So, in a week when Donald Trump became the president of the United States, I lost 2.5lbs. On top of that I finally got my 1 stone award by 0.5lbs; I would’ve gotten it the week before but frustratingly I stepped on the scales only to find that I had managed to lose 0.5lbs. To say I was annoyed is a massive understatement.
Despite my disappointment at the scales, I did learn something quite important to the success of my weight loss journey that I probably should’ve known when I started at Slimming World. It’s the reason why I’ve managed to lose four stone more than once in the last two years.
For me stress has a bigger impact on my weight losses than anything else; it doesn’t matter how much exercise I do. If I don’t stress or worry about what’s going to happen when I stand on the scales at the end of each week, I get bigger losses. Knowing this is all well and good until Wednesday night, which I’ve started calling Wednesday Night Worries, that’s when I poke, prod and pinch myself while looking in the mirror and come to the conclusion that I haven’t lost anything at all that week.
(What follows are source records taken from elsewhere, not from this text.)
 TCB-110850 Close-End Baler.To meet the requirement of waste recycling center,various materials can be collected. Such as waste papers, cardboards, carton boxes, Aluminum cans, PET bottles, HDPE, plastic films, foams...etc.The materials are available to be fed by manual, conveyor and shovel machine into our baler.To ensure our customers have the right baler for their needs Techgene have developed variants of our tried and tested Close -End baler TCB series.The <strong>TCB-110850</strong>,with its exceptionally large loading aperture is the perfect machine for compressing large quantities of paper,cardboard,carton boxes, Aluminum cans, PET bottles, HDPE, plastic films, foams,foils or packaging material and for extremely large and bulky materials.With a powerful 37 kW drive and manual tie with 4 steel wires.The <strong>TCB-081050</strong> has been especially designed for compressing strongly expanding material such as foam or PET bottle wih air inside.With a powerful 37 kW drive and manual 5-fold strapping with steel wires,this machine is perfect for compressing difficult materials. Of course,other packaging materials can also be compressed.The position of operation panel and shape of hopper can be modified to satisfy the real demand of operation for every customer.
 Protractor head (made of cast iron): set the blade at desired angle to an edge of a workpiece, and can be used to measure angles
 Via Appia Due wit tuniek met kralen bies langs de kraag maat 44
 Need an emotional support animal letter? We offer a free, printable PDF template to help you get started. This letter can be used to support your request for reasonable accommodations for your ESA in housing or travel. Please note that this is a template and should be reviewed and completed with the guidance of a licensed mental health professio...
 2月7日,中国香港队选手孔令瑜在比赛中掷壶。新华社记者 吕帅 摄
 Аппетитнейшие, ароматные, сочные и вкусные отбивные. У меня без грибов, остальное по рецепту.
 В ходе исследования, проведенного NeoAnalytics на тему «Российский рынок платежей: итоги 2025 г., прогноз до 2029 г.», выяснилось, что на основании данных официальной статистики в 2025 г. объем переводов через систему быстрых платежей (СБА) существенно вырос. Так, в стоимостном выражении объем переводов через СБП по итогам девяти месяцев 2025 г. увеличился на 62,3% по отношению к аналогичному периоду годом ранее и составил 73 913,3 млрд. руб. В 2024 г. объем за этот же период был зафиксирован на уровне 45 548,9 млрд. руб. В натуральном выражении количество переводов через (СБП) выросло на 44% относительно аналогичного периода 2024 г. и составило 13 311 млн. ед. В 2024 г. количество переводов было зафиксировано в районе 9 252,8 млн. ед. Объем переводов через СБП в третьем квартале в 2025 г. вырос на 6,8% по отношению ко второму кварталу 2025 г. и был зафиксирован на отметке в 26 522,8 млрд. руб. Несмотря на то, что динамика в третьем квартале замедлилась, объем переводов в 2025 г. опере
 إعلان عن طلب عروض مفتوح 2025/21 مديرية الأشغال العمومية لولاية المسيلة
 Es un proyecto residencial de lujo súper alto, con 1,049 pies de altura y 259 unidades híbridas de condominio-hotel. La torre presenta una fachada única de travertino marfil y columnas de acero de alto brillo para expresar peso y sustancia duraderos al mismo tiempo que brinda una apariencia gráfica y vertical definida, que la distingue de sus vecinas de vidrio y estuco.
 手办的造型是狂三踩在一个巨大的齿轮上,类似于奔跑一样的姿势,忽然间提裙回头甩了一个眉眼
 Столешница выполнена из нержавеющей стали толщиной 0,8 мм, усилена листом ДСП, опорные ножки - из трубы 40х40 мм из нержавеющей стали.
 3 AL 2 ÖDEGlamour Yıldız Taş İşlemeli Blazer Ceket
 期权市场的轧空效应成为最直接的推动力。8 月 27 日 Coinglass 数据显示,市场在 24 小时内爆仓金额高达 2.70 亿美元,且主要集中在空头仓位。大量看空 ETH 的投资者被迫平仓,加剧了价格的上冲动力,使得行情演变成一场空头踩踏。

My weight loss goal for the end of this year is to lose another 10kgs, which will mean that I will have lost 40kgs in one year, (40kgs/88lbs/6 stone 4lbs). As of right now I have lost 29.9kgs (29.9kgs/66lbs/4 stone 10lbs), which means that I only need to lose 10.1kgs (10kgs/22lbs/1 stone 8lbs) to achieve my goal. Now, given that I’ve only ever managed to lose about 4 stone up until now, the thought of being able to tell people that I’ve lost 6 stone in less than a year would be amazing.
Losing 6 stone won’t be the end of my weight loss journey because I will still have another 5 stone 7lbs (34kgs/77lbs/5 stone 7lbs) to lose before I will be anywhere near a healthy weight range. It would be a great start to 2017 knowing that I have a very achievable amount of weight left to lose.
That will be a total of 74kgs/16lbs/11 stone 9lbs lost in about two years, and as a person who has struggled for most of their life with food addiction, compulsive eating and depression that would be an achievement that would prove that you should never judge a book by its cover.